=== DATA FOR REVIEW ===
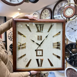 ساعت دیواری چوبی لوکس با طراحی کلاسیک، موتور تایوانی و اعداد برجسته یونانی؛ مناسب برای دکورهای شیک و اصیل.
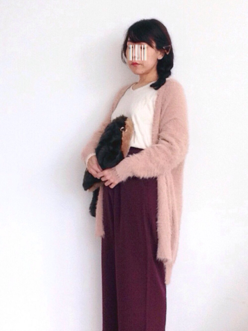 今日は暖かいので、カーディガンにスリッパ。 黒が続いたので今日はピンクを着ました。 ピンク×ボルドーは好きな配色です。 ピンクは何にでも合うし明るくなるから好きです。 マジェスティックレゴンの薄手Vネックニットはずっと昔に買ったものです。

---

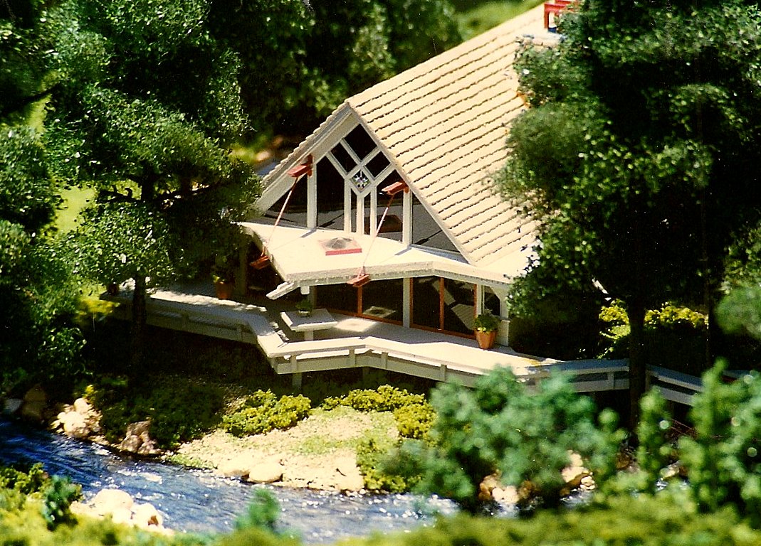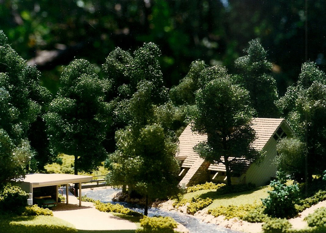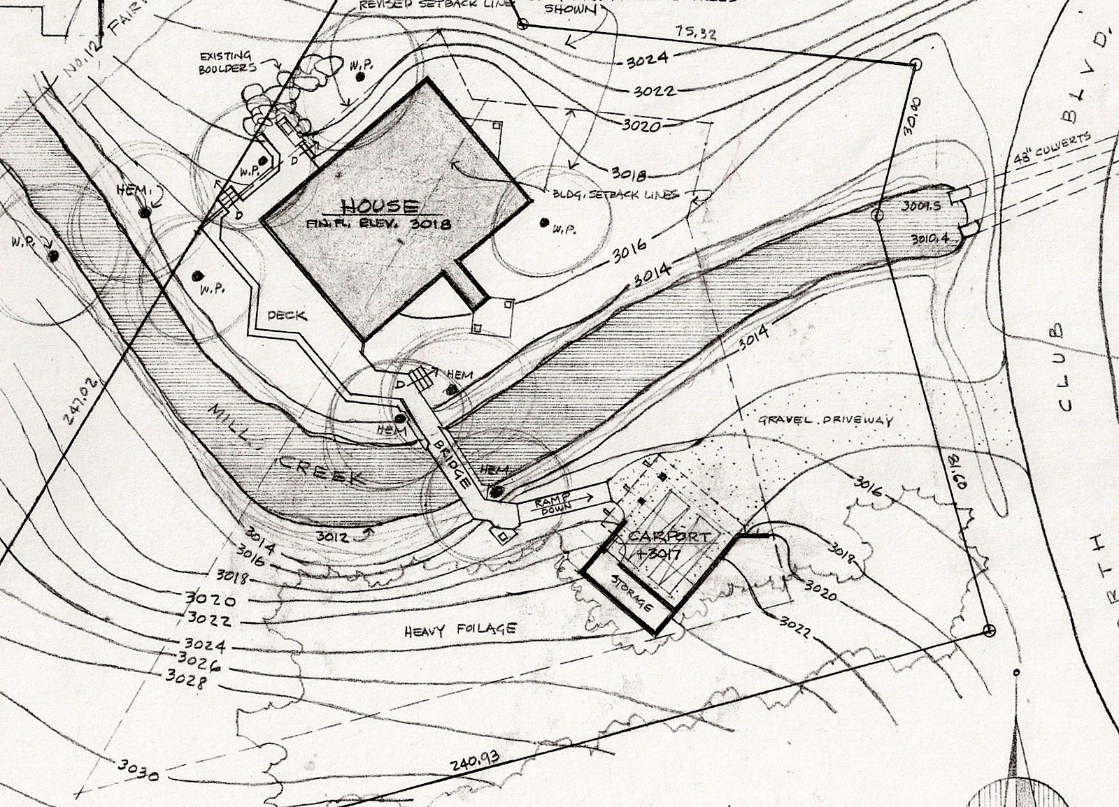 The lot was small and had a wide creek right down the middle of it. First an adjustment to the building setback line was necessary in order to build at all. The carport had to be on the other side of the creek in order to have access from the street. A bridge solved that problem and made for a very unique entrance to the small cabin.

=== WORK REQUIRED ===
Everything above from the line containing "ساعت دیواری چوبی" through the line containing "今日は暖かいので、カーディガンにスリッパ。 黒が続いたので今日はピンクを着ました。 ピンク×ボルドーは好きな配色です。" must be repeated exactly, and the pictures must be left out.

=== RESULT OF THE EXERCISE ===
 ساعت دیواری چوبی لوکس با طراحی کلاسیک، موتور تایوانی و اعداد برجسته یونانی؛ مناسب برای دکورهای شیک و اصیل.
 今日は暖かいので、カーディガンにスリッパ。 黒が続いたので今日はピンクを着ました。 ピンク×ボルドーは好きな配色です。 ピンクは何にでも合うし明るくなるから好きです。 マジェスティックレゴンの薄手Vネックニットはずっと昔に買ったものです。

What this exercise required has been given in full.